Before answering the question 'how does chemotherapy kill cancer? it is worth quickly discussing the differences and similarities between a cancerous cell and a non-cancerous cell in a human being.
The chief difference between a cancerous cell and a non-cancerous cell is that the cancerous cell has acquired a genetic mutation in its DNA that has allowed the cell to avoid scheduling and carrying out its own death—a process known as apoptosis. Healthy cells die when they are supposed to die; unhealthy or cancerous cells do not. This is the most general definition of cancer one can imagine.
Cells divide in a five part process known as mitosis. These five parts, known as cell cycles, constitute the times when a cell is at its most vulnerable to chemotherapy, because various chemotherapy drugs work by throwing a wrench of sorts into the process. That 'wrench' stops mitosis in its tracks and leads to the death of the cell.
For this reason, fast-growing or aggressive cancers tend to respond the best to chemotherapy because these cancers are made of cells that undergo mitosis frequently, making them vulnerable far more often to chemotherapy than other cells.
Traditional chemotherapy acts in a systemic manner. This means that the drugs are applied to the entire body even if a patient's cancer is found to be in a confined region of the body. Chemotherapy drugs are administered in such a fashion that this can't be prevented with standard chemo drugs—such as through an IV. This helps explain the existence of the many side effects associated with chemotherapy. It kills cancer cells and it kills healthy cells. The cells it will kill will be the fast-growing healthy cells—such as those in the mouth and digestive system, the blood, and the hair follicles, among other places.
Combination chemotherapy, such as the CHOP regimen, are created and tested with the understanding that each of the drugs will attack the cell cycle in a different way, the hope being to kill as many of the cancerous cells as possible.

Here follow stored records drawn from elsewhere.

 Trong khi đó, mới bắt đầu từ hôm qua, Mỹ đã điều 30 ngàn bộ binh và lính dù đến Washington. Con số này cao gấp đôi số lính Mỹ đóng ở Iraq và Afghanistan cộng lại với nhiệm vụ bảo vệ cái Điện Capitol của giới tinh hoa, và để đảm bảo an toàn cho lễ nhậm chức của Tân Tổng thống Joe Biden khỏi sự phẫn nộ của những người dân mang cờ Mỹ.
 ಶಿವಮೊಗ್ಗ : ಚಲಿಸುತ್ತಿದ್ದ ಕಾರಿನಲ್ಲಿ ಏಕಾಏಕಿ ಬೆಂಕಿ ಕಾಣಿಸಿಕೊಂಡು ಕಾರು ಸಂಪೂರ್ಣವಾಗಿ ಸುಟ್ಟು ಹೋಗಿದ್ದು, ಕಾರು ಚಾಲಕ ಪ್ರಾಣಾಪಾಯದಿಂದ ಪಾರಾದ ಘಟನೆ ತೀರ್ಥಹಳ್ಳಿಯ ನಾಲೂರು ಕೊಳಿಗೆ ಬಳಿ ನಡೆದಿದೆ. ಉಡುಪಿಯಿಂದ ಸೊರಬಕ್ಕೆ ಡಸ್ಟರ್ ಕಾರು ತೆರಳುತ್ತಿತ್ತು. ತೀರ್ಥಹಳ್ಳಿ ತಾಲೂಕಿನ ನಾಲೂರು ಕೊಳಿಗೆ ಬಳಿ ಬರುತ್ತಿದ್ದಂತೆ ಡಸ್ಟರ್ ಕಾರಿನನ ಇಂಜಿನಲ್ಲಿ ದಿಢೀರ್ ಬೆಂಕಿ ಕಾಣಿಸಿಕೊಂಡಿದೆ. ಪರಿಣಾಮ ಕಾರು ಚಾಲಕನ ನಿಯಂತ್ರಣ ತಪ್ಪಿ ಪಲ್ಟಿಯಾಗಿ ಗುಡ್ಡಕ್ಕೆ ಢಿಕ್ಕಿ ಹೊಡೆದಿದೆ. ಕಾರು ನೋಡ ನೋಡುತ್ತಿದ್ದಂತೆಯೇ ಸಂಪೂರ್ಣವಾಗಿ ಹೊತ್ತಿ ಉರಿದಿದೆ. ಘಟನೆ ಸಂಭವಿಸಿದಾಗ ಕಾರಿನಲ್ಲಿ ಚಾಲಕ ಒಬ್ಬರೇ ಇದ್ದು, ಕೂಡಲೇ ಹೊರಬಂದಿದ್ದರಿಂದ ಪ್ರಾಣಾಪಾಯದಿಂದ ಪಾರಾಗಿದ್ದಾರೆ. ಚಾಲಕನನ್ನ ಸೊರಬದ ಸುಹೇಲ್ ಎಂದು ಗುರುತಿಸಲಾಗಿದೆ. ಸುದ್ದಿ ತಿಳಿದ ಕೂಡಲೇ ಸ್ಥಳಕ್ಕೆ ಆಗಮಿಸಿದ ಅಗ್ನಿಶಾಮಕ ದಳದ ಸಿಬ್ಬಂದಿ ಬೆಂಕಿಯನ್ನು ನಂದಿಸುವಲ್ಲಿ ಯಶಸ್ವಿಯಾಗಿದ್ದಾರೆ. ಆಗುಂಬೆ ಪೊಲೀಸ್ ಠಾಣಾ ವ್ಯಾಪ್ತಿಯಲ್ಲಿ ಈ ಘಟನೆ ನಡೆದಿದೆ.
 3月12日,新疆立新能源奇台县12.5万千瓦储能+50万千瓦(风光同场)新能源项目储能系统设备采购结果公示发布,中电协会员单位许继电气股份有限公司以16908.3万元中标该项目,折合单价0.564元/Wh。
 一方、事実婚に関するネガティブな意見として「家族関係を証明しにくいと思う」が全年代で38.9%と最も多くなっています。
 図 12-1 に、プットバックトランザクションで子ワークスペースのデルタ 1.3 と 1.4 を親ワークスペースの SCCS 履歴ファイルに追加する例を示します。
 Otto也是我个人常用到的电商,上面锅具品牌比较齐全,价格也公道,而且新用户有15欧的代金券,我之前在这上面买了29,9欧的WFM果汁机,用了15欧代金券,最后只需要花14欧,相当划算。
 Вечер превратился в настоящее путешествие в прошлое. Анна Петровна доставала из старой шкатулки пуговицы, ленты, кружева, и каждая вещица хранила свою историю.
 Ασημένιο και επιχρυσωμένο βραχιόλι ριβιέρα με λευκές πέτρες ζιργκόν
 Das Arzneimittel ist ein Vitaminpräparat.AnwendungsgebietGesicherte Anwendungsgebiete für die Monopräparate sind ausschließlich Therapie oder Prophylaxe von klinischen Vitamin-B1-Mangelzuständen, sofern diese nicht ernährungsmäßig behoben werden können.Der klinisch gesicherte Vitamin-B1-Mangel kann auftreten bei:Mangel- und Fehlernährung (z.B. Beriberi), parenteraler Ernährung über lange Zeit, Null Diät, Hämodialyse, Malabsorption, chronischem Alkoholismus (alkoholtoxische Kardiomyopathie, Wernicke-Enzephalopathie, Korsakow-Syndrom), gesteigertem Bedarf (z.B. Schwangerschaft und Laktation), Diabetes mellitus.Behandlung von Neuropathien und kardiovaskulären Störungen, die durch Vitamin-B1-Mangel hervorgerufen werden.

The development of chemotherapy began several decades ago when the US government began testing chemical after chemical to see if it had any anti-cancer activity. It has evolved now to the point where scientists and researchers are focusing on treatments that are progressively less systemic and decidedly more targeted, so that they preserve more healthy cells and cause fewer side effects. One direction is in immunotherapy, while others include variations on immunotherapy and radiology, such as the Zevalin therapeutic regimen.
However, chemotherapy isn't going anywhere any time soon, as despite the side effects, it still provides many patients with effective anti-cancer care.